■ **Supplied material**
>>>>

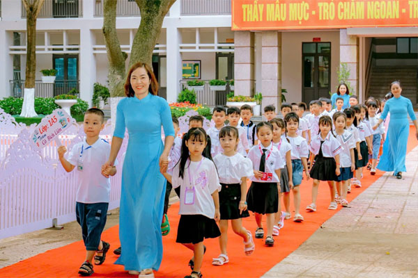 Cô và trò Trường Tiểu học Liên Bảo (TP Vĩnh Yên). Ảnh: Trường Liên Bảo
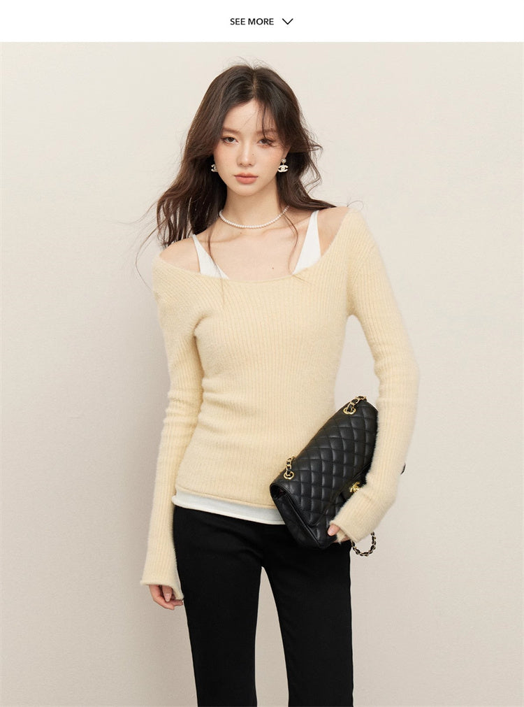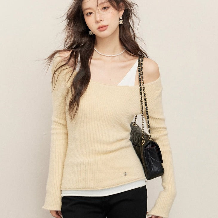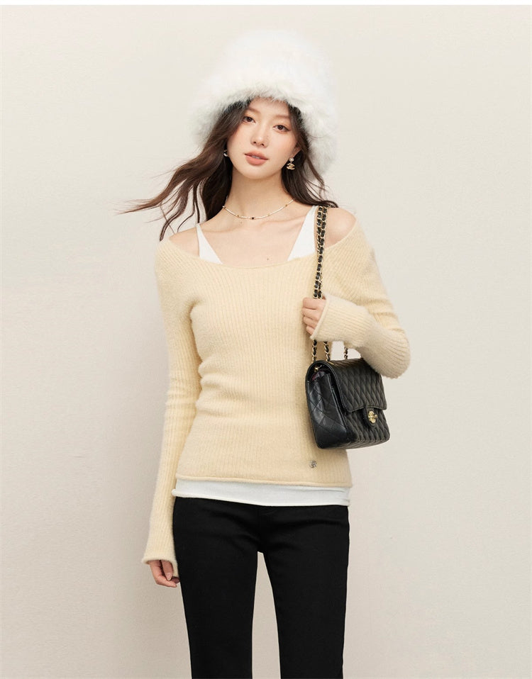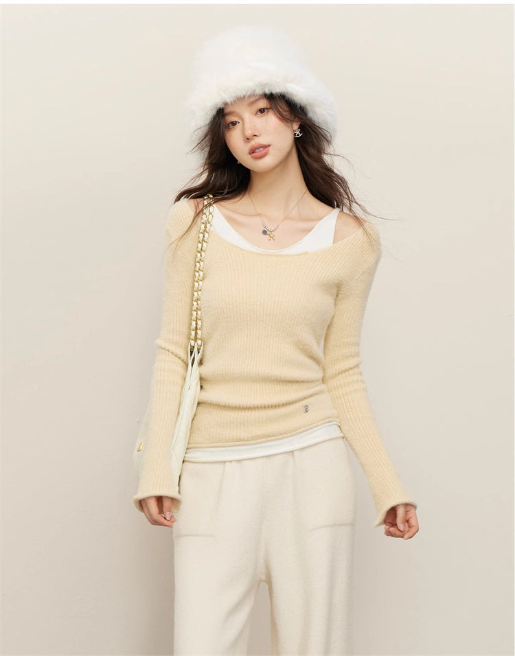 Kroche SS2401 假两件貂绒拼接针织打底 杏
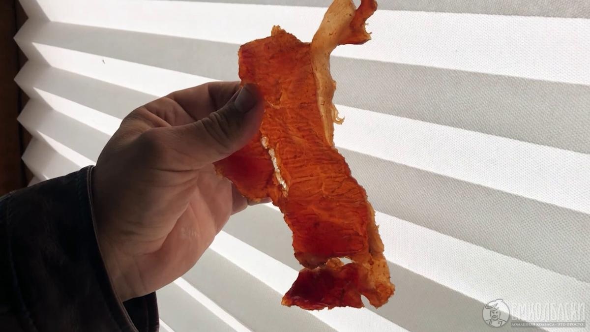«Сушить» чипсы можно в сушилке для овощей или в духовке при температуре 65...70 град. и тогда они получатся вареными. А в коптильном шкафу с конвекцией чипсы можно сделать классическими сырокопчеными. В этом случае термообработку проводить при 45...48 град. в течении 10...12 час. в коптильном шкафу. В процессе можно ароматизировать дымом (коптить) по желанию. Длительность копчения зависит от устройства дымогенератора. Например, лабиринтным дымогенератором можно коптить все 12 час., а эжекционным дымогенератором «сапогового» типа достаточно 2...3 час. Интенсивность цвета копчености на ваш вкус.
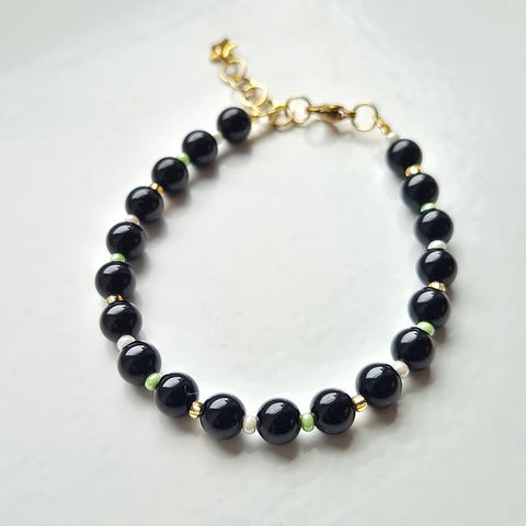 Nytt, håndlagd armbånd av kvarts og båndagat (sorte perler). Gullforgylt smykkelås og anheng av god kvalitet. Allergivennlig. Størrelse på perlene er ca. 6 mm (båndagat) og 8 mm (kvarts).

<<<<

■ **Description of the task**
Reproduce the listing word for word. Do not carry over the pictures.

■ **Exercise result**
 Cô và trò Trường Tiểu học Liên Bảo (TP Vĩnh Yên). Ảnh: Trường Liên Bảo
 Kroche SS2401 假两件貂绒拼接针织打底 杏
«Сушить» чипсы можно в сушилке для овощей или в духовке при температуре 65...70 град. и тогда они получатся вареными. А в коптильном шкафу с конвекцией чипсы можно сделать классическими сырокопчеными. В этом случае термообработку проводить при 45...48 град. в течении 10...12 час. в коптильном шкафу. В процессе можно ароматизировать дымом (коптить) по желанию. Длительность копчения зависит от устройства дымогенератора. Например, лабиринтным дымогенератором можно коптить все 12 час., а эжекционным дымогенератором «сапогового» типа достаточно 2...3 час. Интенсивность цвета копчености на ваш вкус.
 Nytt, håndlagd armbånd av kvarts og båndagat (sorte perler). Gullforgylt smykkelås og anheng av god kvalitet. Allergivennlig. Størrelse på perlene er ca. 6 mm (båndagat) og 8 mm (kvarts).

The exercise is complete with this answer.